Puppies like the Cheagle must not miss a meal because they are so petite in stature. Keep his blood sugar levels steady by feeding him three to four times a day. When he reaches adulthood, you can lower it to two times. Weight gain is also an issue. Obesity is an issue for both parent breeds. Because of this, it is critical to keep an eye on your pet’s health.

Grooming

Despite the Cheagle’s tendency to shed, grooming him isn’t difficult. Brushing your pet on a regular basis will keep your furniture clean and strengthen your relationship with him or her. Also, keep a watch out for any irritation or redness in his eyes. Particularly if he is merle in colour the Chihuahua is susceptible to infection. if required, trim his nails

Exercise

They are both active breeds, the Beagle and the Chihuahua. They’ll have a great day strolling about the neighbourhood and meeting new people. If Cheagle has the flat face of a Chihuahua, it’s important not to overexert him. These brachycephalic breeds are more prone to a wide range of major health disorders, including upper respiratory problems, because of their smaller heads.

We recommend that you keep a watch on your dog while he is out on a walk or exercise. If your puppy begins to exhibit signs of respiratory discomfort, don’t be hesitant to put an end to his playtime. You should make sure your children are aware of it as well.

Training

Training, in our opinion, needs to begin right away. At that point, you have a clean slate and can make the rules. Consider the Cheagle’s sensitivity to harsh words when speaking to it. Positive reinforcement is key to getting the most out of his lectures. If you’re concerned about keeping your dog’s weight in line, we recommend that you use treats only as training aids.

Children and Other Pets

Cheagles are vulnerable to being savaged by youngsters since they are so little. Cheagles love to play with parents or older children who know how to play softly. The Cheagle is a fantastic dog for an active owner.

Even if Cheagles are introduced to other animals gently and calmly, they can get along with them if they’ve been properly socialised. They should get used to different animals as soon as possible.

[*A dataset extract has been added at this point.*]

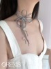 OREXIS原创银色花朵水晶小众复古辣妹钛钢项链锁骨链颈链女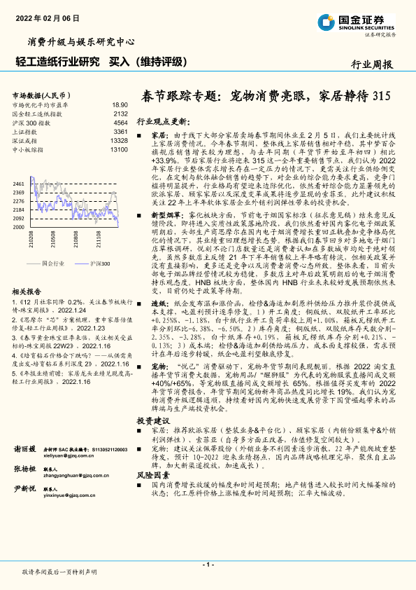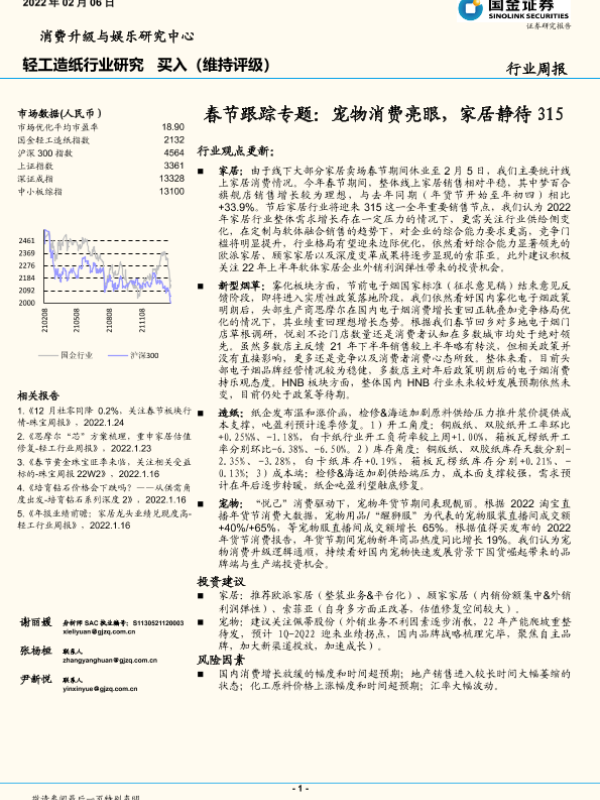 【国金证券】【20220206】20220206-国金证券-轻工造纸行业研究:春节跟踪专题:宠物消费亮眼,家居静待315-17页

When introducing new canines to each other, exercise caution at all times. It’s a good indicator if your nose is touching your buttocks. If the dogs are gazing each other in the eyes, they should be separated as soon as possible.

Puppies

Training and socialisation are necessary for Cheagle pups to become a well-behaved adult dog within the first three or four months of their lives. Even though they have a tendency to be defiant, they generally do a decent job of obeying their masters’ commands. It is possible that a crate will aid in housebreaking, although this is not a need.

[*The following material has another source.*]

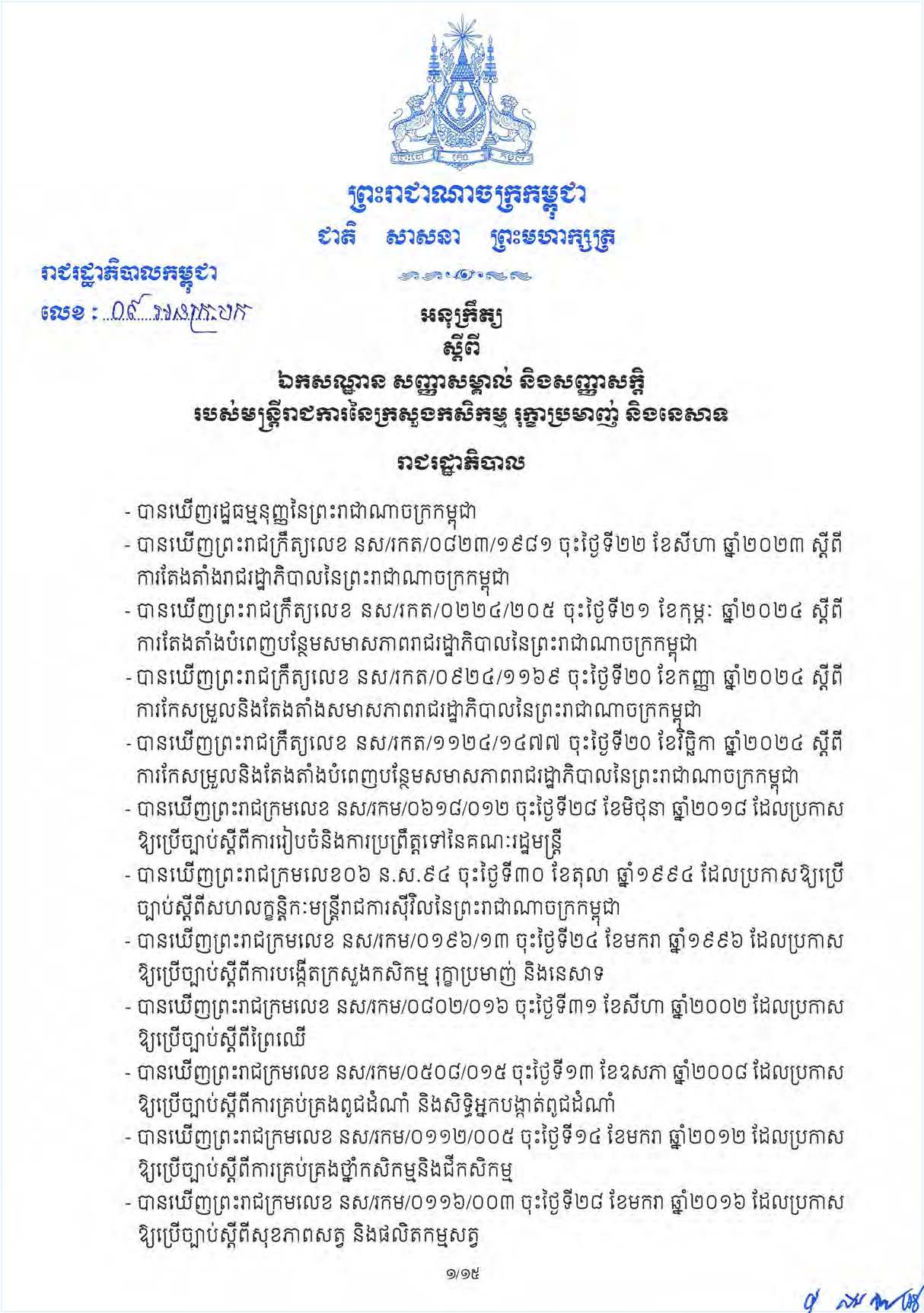 (ភ្នំពេញ)៖ សម្តេចបវរធិបតី ហ៊ុន ម៉ាណែត នាយករដ្ឋមន្ត្រីនៃកម្ពុជា បានចេញអនុក្រឹត្យ ស្តីពី ឯកសណ្ឋាន សញ្ញាសម្គាល់ និងសញ្ញាសក្តិ របស់មន្ត្រីរាជការនៃក្រសួងកសិកម្ម រុក្ខាប្រមាញ់ និងនេសាទ។

Owners who want a healthy puppy should always buy from reputed breeders who conduct thorough health checks on their puppies. Ask the breeders for documentation proving their pets are healthy if you can. Buying a puppy from a puppy mill or pet store may be cheaper, but the puppies they sell are more likely to be sick, which can lead to even more difficulties down the road. You should get a puppy around the 12-week period if possible.

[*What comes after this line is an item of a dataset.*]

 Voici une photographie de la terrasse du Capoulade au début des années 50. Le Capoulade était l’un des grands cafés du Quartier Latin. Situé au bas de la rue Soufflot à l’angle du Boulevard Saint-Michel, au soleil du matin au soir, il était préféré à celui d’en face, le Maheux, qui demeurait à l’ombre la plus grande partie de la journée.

Dogs Similar to the Cheagle

Those who enjoy the Cheagle might also enjoy the following breeds, which are close relatives:

American foxhound 

The American Foxhound is a more pure hunter than the Cheagle mix because it was originally developed for the English practise of foxhunting. Despite this, it has a kind, loving, and laid-back demeanour.

Cavalier King Charles Spaniel  

Because of its calm, aristocratic demeanour and boundless energy and agility, the King Charles is a popular choice among British aristocrats.

Pomeranian

The Pomeranian is typically recommended as a good companion for people seeking a little dog like a Chihuahua. An expressive face and long orange or red fur make this breed a friendly and devoted companion. However, it will need some time and effort to keep it in good shape.